As MLLMs become more advanced and capable of interacting with both humans and their environments, there are growing concerns about their safety. Current systems often fail to consider how the context of a situation—like the visual environment—affects the safety of their responses. This can lead to unsafe or inappropriate actions based on user queries.

What's the solution?

To address this issue, the authors developed a benchmark called MSSBench, which includes 1,820 pairs of language queries and images. Half of these pairs depict safe situations, while the other half show unsafe contexts. The benchmark allows researchers to evaluate how well MLLMs can understand and respond safely to queries based on the visual context. The study also explores multi-agent systems that work together to improve safety in responses.

Why it matters?

This research is significant because it highlights the need for MLLMs to consider situational safety in their interactions. By creating a framework for evaluating how well these models assess safety based on context, the study aims to improve the reliability of AI systems in real-world applications, ensuring they act safely and appropriately in various scenarios.

Abstract

Multimodal Large Language Models (MLLMs) are rapidly evolving, demonstrating impressive capabilities as multimodal assistants that interact with both humans and their environments. However, this increased sophistication introduces significant safety concerns.
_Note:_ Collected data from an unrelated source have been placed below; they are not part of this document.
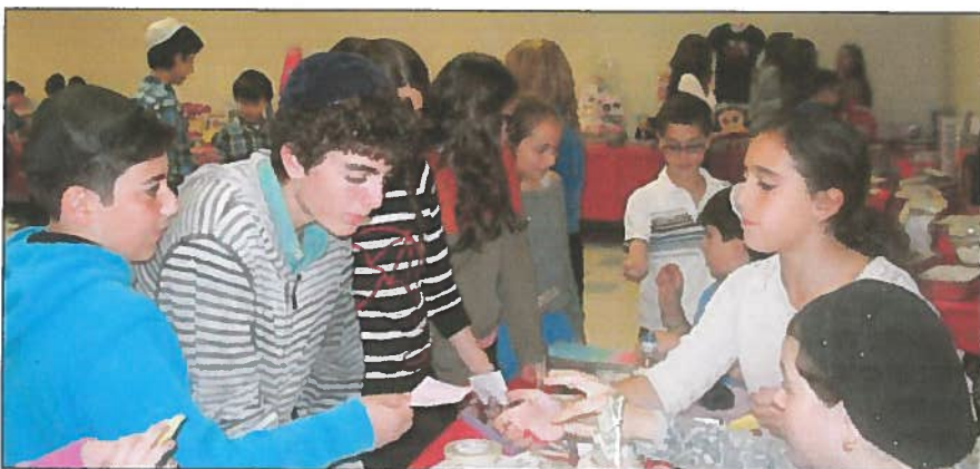
Kids surrounding the ticket tables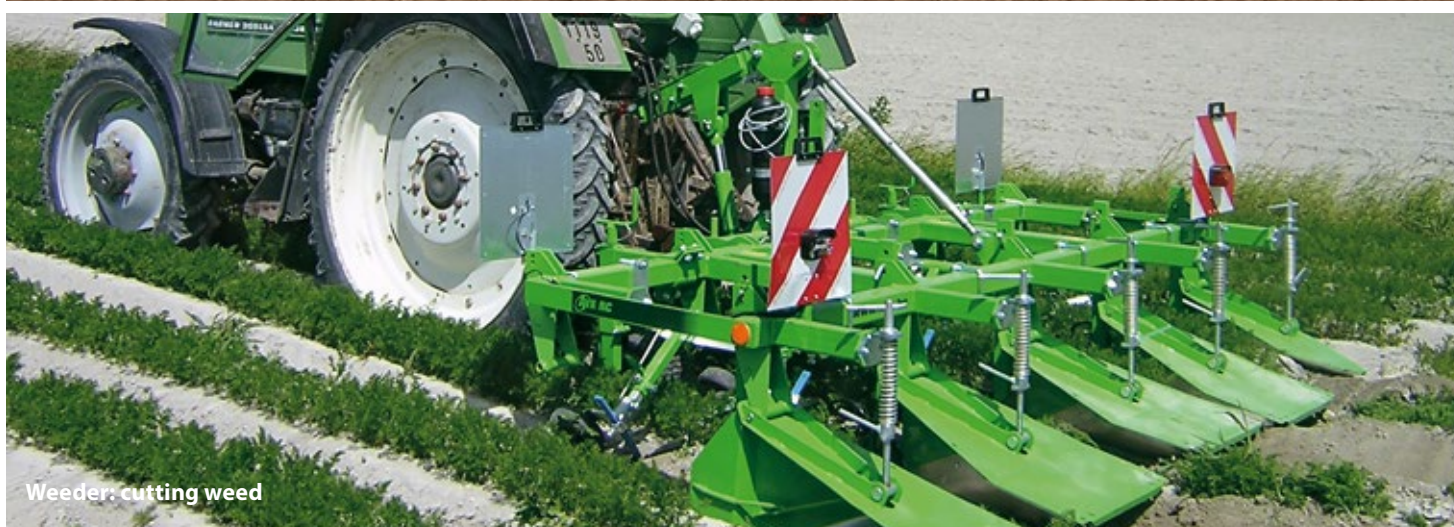
Weeder: cutting weed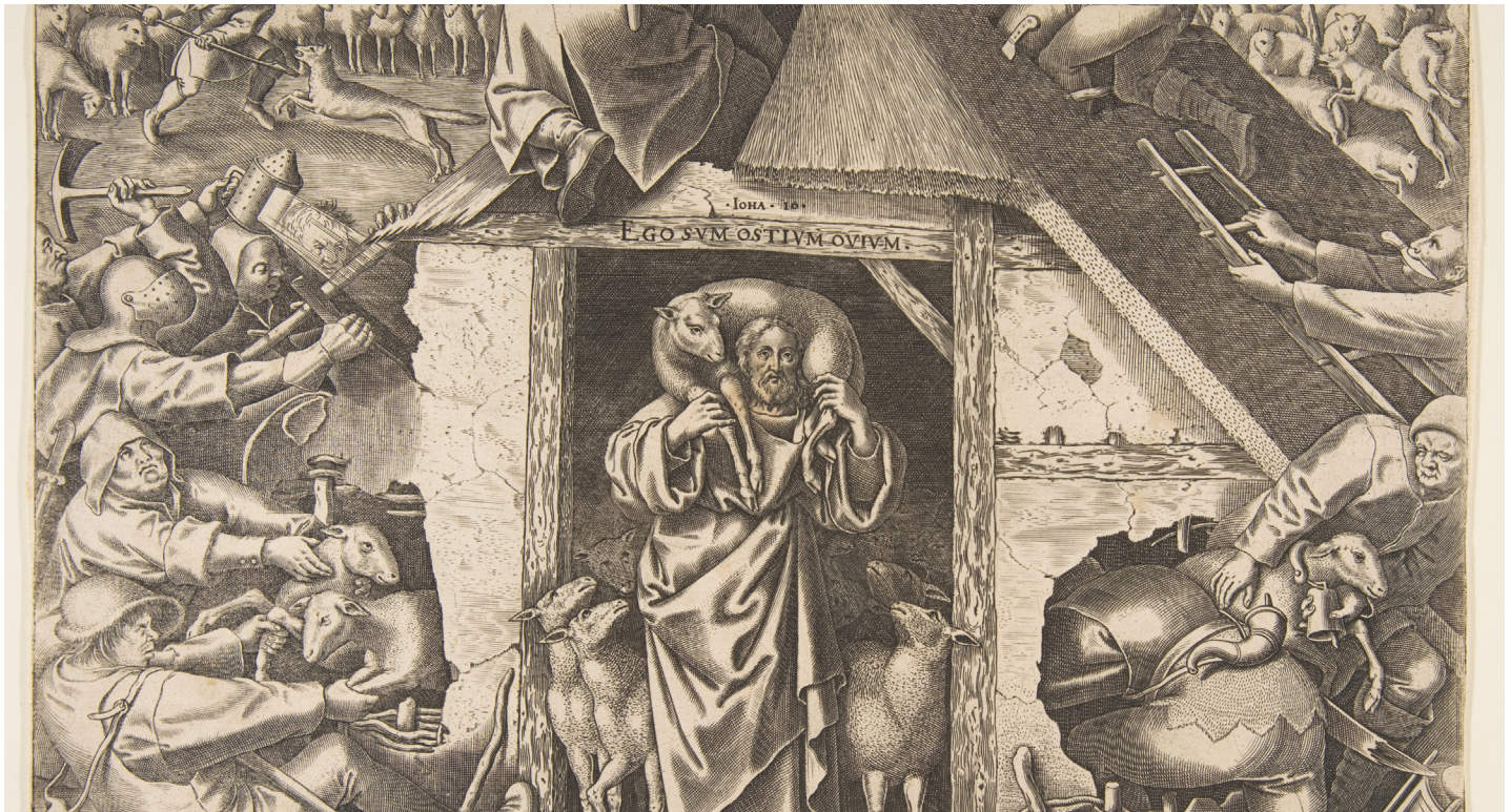
"The Parable of the Good Shepherd," Philip Galle after Pieter Bruegel the Elder, 1565, National Gallery of Art, Washington, DC

In this paper, we present the first evaluation and analysis of a novel safety challenge termed Multimodal Situational Safety, which explores how safety considerations vary based on the specific situation in which the user or agent is engaged. We argue that for an MLLM to respond safely, whether through language or action, it often needs to assess the safety implications of a language query within its corresponding visual context. To evaluate this capability, we develop the Multimodal Situational Safety benchmark (MSSBench) to assess the situational safety performance of current MLLMs. The dataset comprises 1,820 language query-image pairs, half of which the image context is safe, and the other half is unsafe. We also develop an evaluation framework that analyzes key safety aspects, including explicit safety reasoning, visual understanding, and, crucially, situational safety reasoning. Our findings reveal that current MLLMs struggle with this nuanced safety problem in the instruction-following setting and struggle to tackle these situational safety challenges all at once, highlighting a key area for future research. Furthermore, we develop multi-agent pipelines to coordinately solve safety challenges, which shows consistent improvement in safety over the original MLLM response. Code and data: mssbench.github.io.